# Chi-squared test for independence: Exercise chat

In [1]:
import numpy as np
import pandas as pd
import matplotlib.pyplot as plt
import seaborn as sns
import scipy as sp
import math

## Loading and inspecting the data

In [None]:
chat = pd.read_csv("../../datasets/chat/chat.tsv", sep="\t")
chat

We create a new categorical variable, called "submission", indicating whether the participant's submission to the research project was "large" (>500 tokens of chat data) or "small" (<=500 tokens):

In [None]:
chat["submission"] = chat.nr_tokens.apply(lambda x: "large" if x > 500 else "small")
chat

## Chi-squared test for independence

So much for what you already knew... Let us now proceed to a chi-squared test for independence. First, we formulate the hypotheses, i.e. a **null hypothesis $H_0$** and an **alternative hypothesis $H_1$**.

> ##### Question:
> What would your $H_0$ and $H_1$ be, based on the submissiontable (gender vs submission size)?

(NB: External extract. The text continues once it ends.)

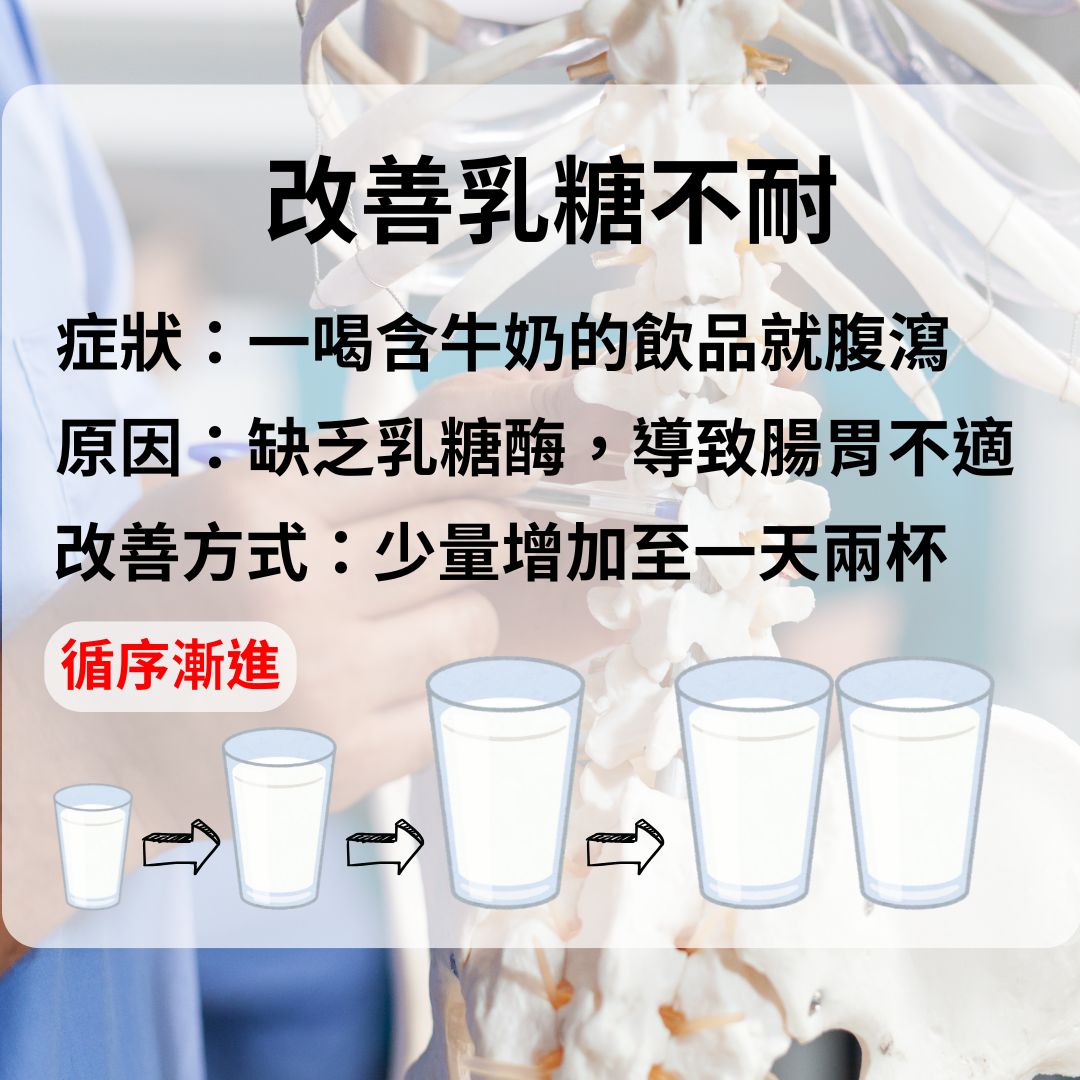 營養師知道其實有許多人都有乳糖不耐症的症狀,不過其實這並非無法治療的,會有這樣的情況主要是因為太久沒有使用乳糖酶,造成乳糖進到腸胃道時,產生脹氣導致腹痛,其實我們只要從少量的開始攝取,少至20-50 ml,每隔一至兩周增加一次攝取份量,這樣就可以有效的改善症狀,否則都要靠補充劑來攝取,這樣會有吃不完的營養品~

Before we perform a chi-squared test for independence, **we must test its assumptions**:
- are the data independent? (i.e., no repeated measurements)
- is the sample size sufficiently large or do we need a continuity correction?
- are the expected cell counts sufficiently large?

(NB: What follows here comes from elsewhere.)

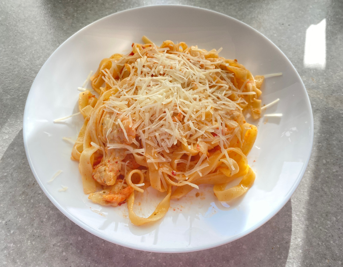 Как же мне хочется в Италию… но пока такой возможности нет, приготовлю кусочек Италии дома) Я обожаю пасту в любых ее интерпретациях! Сегодня я решила побаловать себя и мужа пастой с сыром камабер, креветками и черри. Могу с уверенностью сказать, что это один из самых простых, и в тоже время вкусных рецептов) Самое сложное и долгое в этом блюде - это почистить креветки, если они у вас целые) Если же вы взяли уже чищенные, это максимально упростит вам процесс приготовления пасты) Значит берем чищенные креветки, черри, сыр камамбер и выкладываем все в форму для запекания. Сыр камамбер мы нарезаем и втыкаем в серединки кусочки чеснока. Всю эту красоту мы поливаем оливковым маслом, посыпаем приправой и убираем в духовку, предварительно разогретую до 200 градусов, на 15-20 минут. В кипящую, подсоленную воду мы кладем пасту, и варим согласно предложенному на упаковке способу) Когда наши ингредиенты запеклись, хорошенько все перемешиваем. Когда паста готова, мы ее промываем в дуршлаге и

Let's start by testing the **first assumption: are there indeed no repeated measurements in the dataset?**

In [None]:
chat.subject_ID.is_unique

Okay, no repeated measurements! Each subject occurs exactly once in the dataset. In case we did encounter repeated measurements, we would not be allowed to perform a chi-squared test... Instead, we would have to use something else - we'll come back to that in the final session of this class.

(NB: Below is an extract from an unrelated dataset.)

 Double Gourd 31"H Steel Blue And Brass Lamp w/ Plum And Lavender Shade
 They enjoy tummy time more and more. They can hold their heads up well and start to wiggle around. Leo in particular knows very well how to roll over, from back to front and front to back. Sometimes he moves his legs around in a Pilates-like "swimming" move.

Now, let's test the **second assumption: is the sample size sufficiently large?** A rule of thumb is that we want a sample size that is larger than 60 data points.

In [None]:
chat.shape[0] > 60

Okay, sample size is large enough! We will not need to 'tweak' our chi-squared test. If the sample size is too small, we would need a continuity correction (see below).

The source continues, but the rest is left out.